Включение соединителя данных для Аналитика угроз Microsoft Defender
Доведите общедоступные, открытые и высокоуровневые индикаторы компрометации ,созданные Аналитика угроз Microsoft Defender в рабочую область Microsoft Sentinel с помощью соединителей данных Аналитики угроз Defender. С помощью простой настройки одним щелчком используйте аналитику угроз со стандартных и премиум-соединителей данных Аналитики угроз Defender для мониторинга, оповещения и охоты.
Внимание
Соединитель данных Аналитики угроз Defender и соединитель данных аналитики угроз Premium в настоящее время находятся в предварительной версии. Дополнительные условия использования для предварительных версий Microsoft Azure см. в дополнительных юридических терминах, применимых к функциям Azure, которые находятся в бета-версии, предварительной версии или в противном случае еще не выпущены в общую доступность.
Microsoft Sentinel теперь общедоступен на платформе унифицированных операций безопасности Майкрософт на портале Microsoft Defender. Дополнительные сведения см . на портале Microsoft Defender в Microsoft Sentinel.
Дополнительные сведения о преимуществах соединителей данных аналитики угроз "Стандартный" и "Премиум" в Defender см. в статье "Анализ угроз".
Необходимые компоненты
- Чтобы установить, обновить и удалить автономное содержимое или решения в Центре контента, вам потребуется роль участника Microsoft Sentinel на уровне группы ресурсов.
- Чтобы настроить эти соединители данных, необходимо иметь разрешения на чтение и запись в рабочую область Microsoft Sentinel.
Установка решения аналитики угроз в Microsoft Sentinel
Чтобы импортировать индикаторы угроз в Microsoft Sentinel из standard и Premium Defender Threat Intelligence, выполните следующие действия.
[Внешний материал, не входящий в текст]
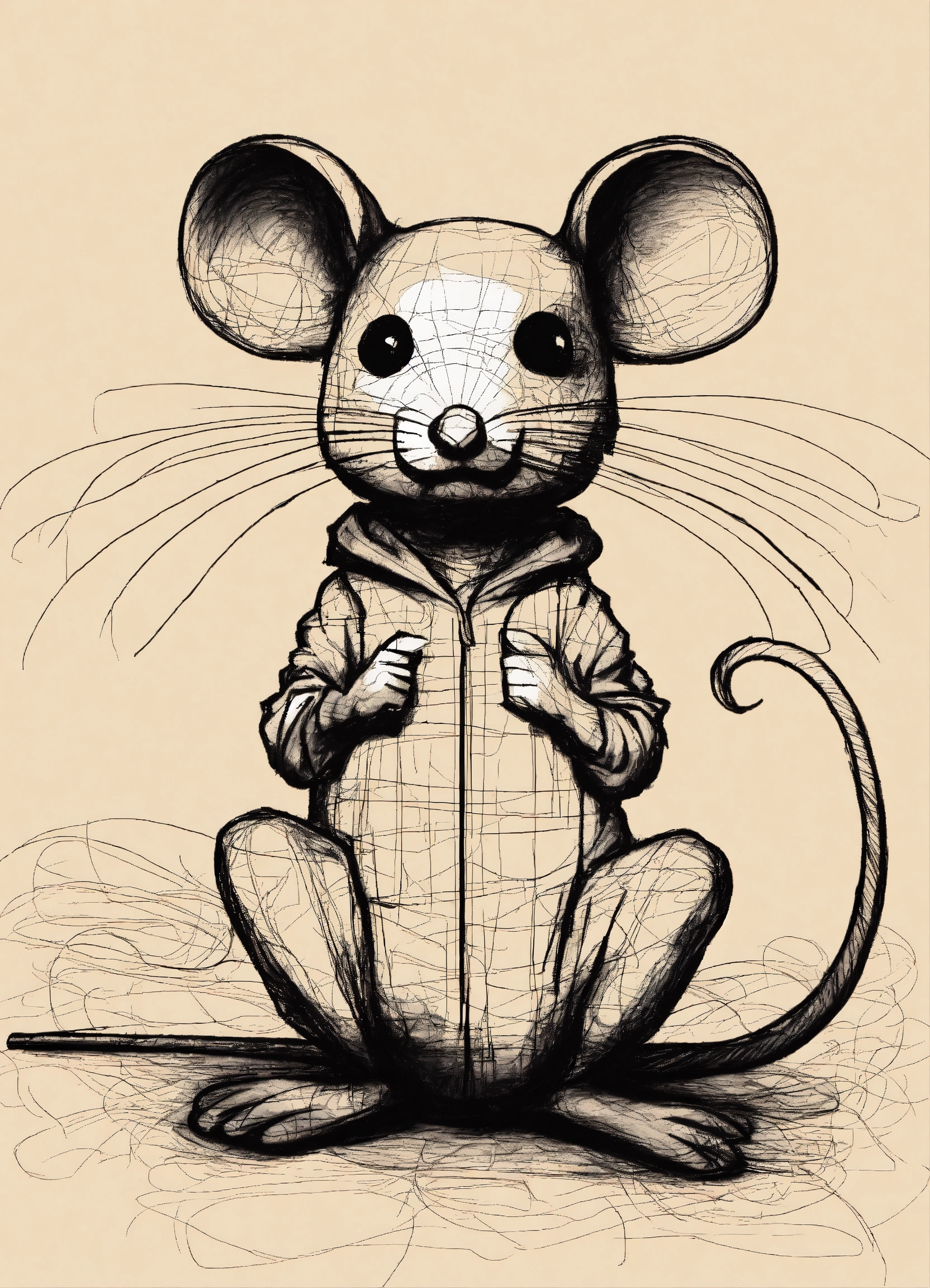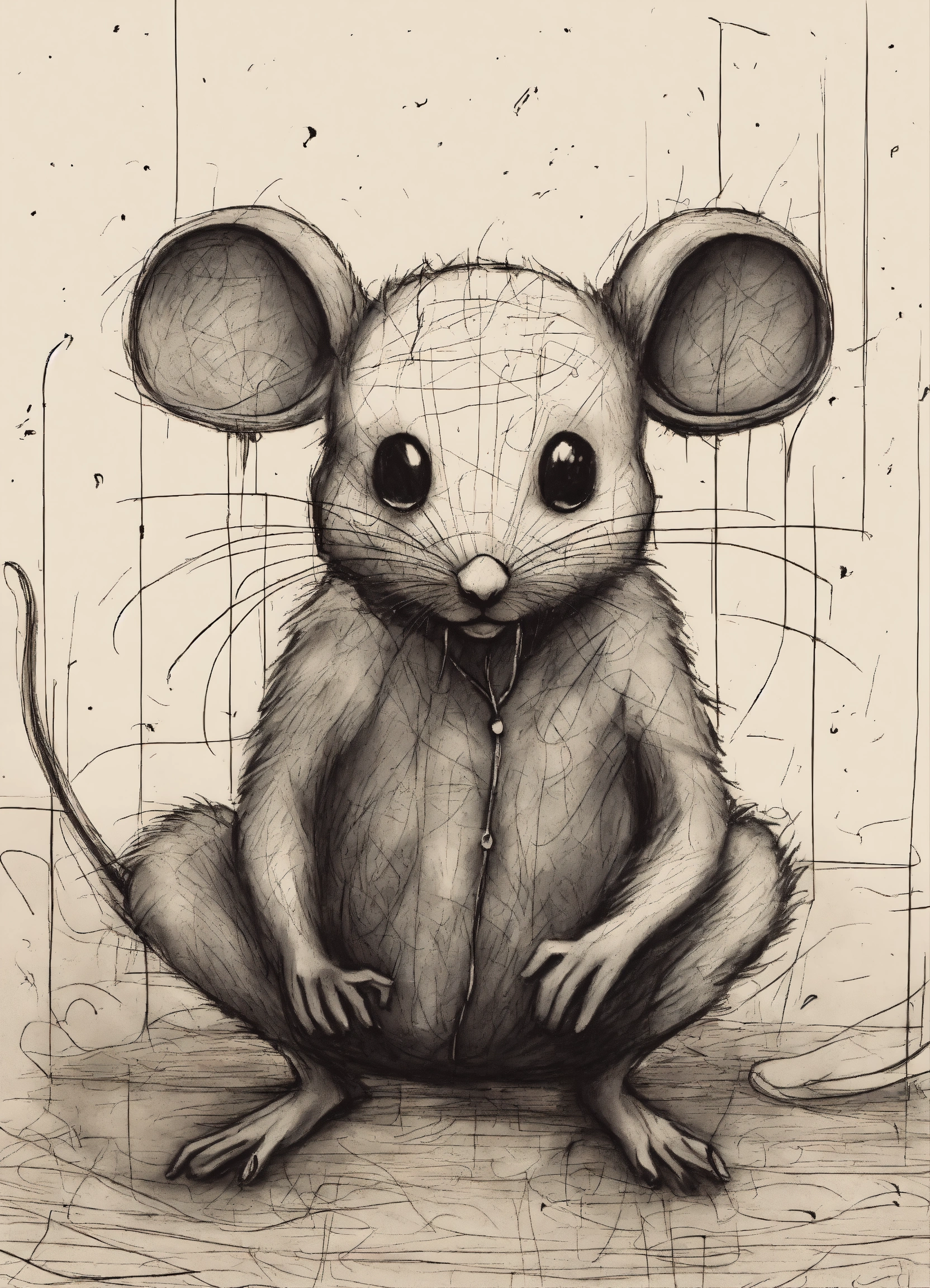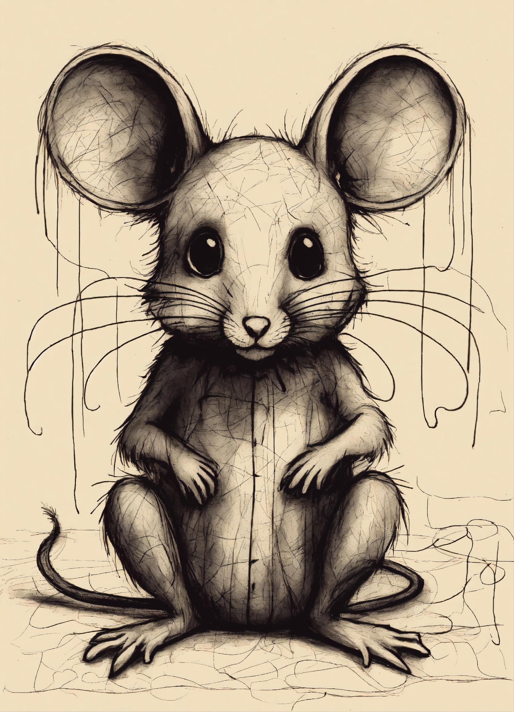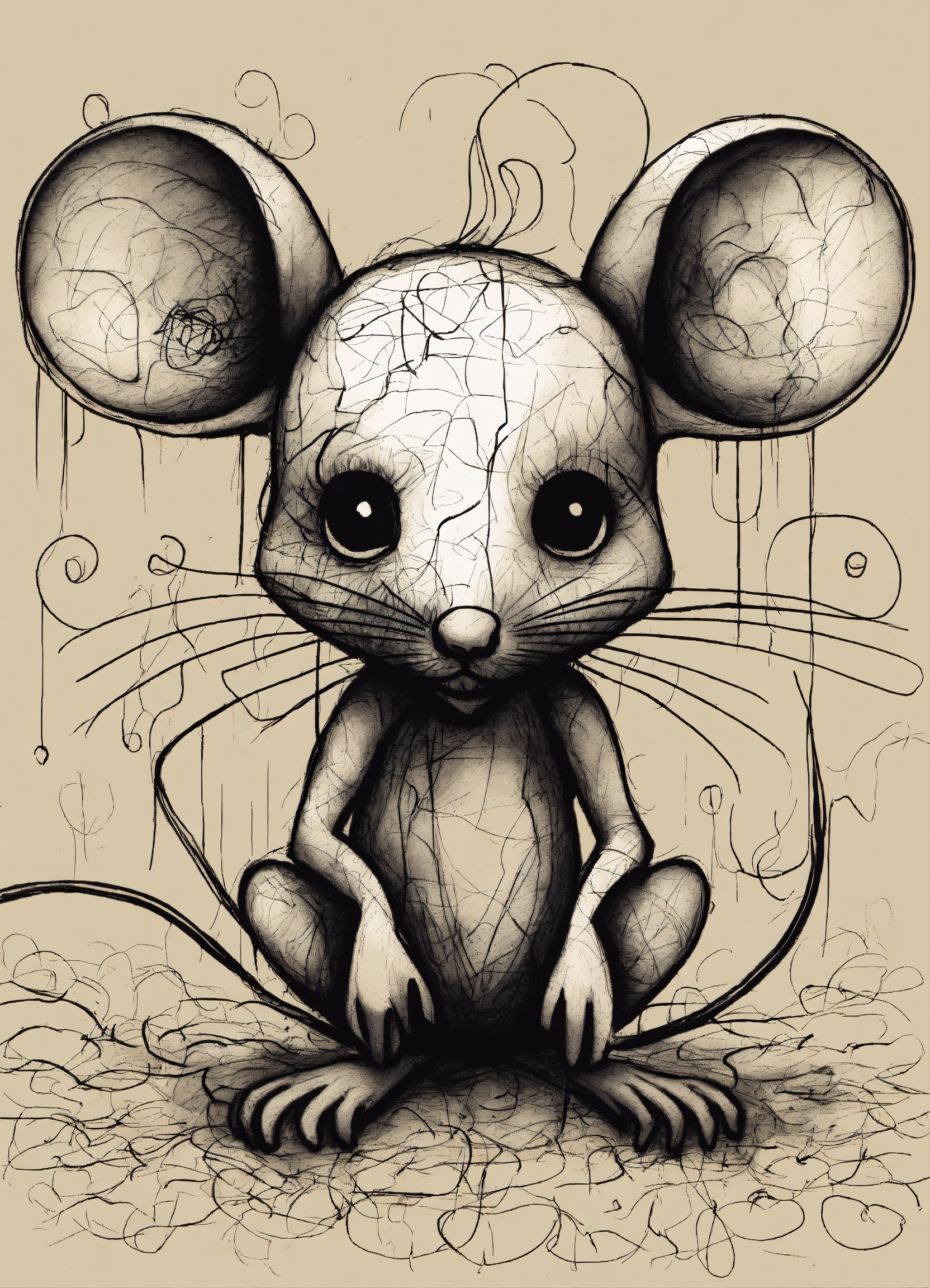 Sketch of a the manifestation of anxiety as a creepy mouse, pen sketch, chaotic, minimalist, ((anxiety))

Для Microsoft Sentinel в портал Azure в разделе "Управление содержимым" выберите центр контента.
Для Microsoft Sentinel на портале Defender выберите Центр содержимого управления>содержимым Microsoft Sentinel>.
Найдите и выберите решение аналитики угроз.
Нажмите кнопку
"Установить и обновить".
Дополнительные сведения об управлении компонентами решения см. в статье "Обнаружение и развертывание содержимого вне поля".
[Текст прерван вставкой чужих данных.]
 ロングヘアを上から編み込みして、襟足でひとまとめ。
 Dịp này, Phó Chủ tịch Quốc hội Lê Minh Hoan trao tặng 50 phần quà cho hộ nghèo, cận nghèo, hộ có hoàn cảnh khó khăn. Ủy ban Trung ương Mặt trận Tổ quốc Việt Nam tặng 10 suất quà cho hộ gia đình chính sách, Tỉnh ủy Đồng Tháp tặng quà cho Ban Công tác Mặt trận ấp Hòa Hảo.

Включение соединителя данных Аналитики угроз Defender
Для Microsoft Sentinel в портал Azure в разделе "Конфигурация" выберите соединители данных.
Для Microsoft Sentinel на портале Defender выберите соединители данных конфигурации>Microsoft Sentinel>.
Найдите и нажмите кнопку "Открыть соединитель данных Аналитики угроз Defender".
Включите веб-канал, выбрав "Подключить".
Когда индикаторы Аналитики угроз Defender начинают заполнять рабочую область Microsoft Sentinel, состояние соединителя отображается "Подключено".
На этом этапе индикаторы приема теперь доступны для использования в TI map... правилах аналитики. Дополнительные сведения см. в разделе "Использование индикаторов угроз" в правилах аналитики.
Найдите новые индикаторы в области аналитики угроз или непосредственно в журналах , запрашивая таблицу ThreatIntelligenceIndicator . Дополнительные сведения см. в статье "Работа с индикаторами угроз".
Связанный контент
Из этой статьи вы узнали, как подключить Microsoft Sentinel к веб-каналу аналитики угроз Майкрософт с помощью соединителя данных Аналитики угроз Defender. Дополнительные сведения об аналитике угроз Defender см. в следующих статьях:
- Узнайте о том, что такое Аналитика угроз Defender?.
- Начало работы с порталом Аналитики угроз Defender.
- Используйте Аналитику угроз Defender в аналитике , используя соответствующую аналитику для обнаружения угроз.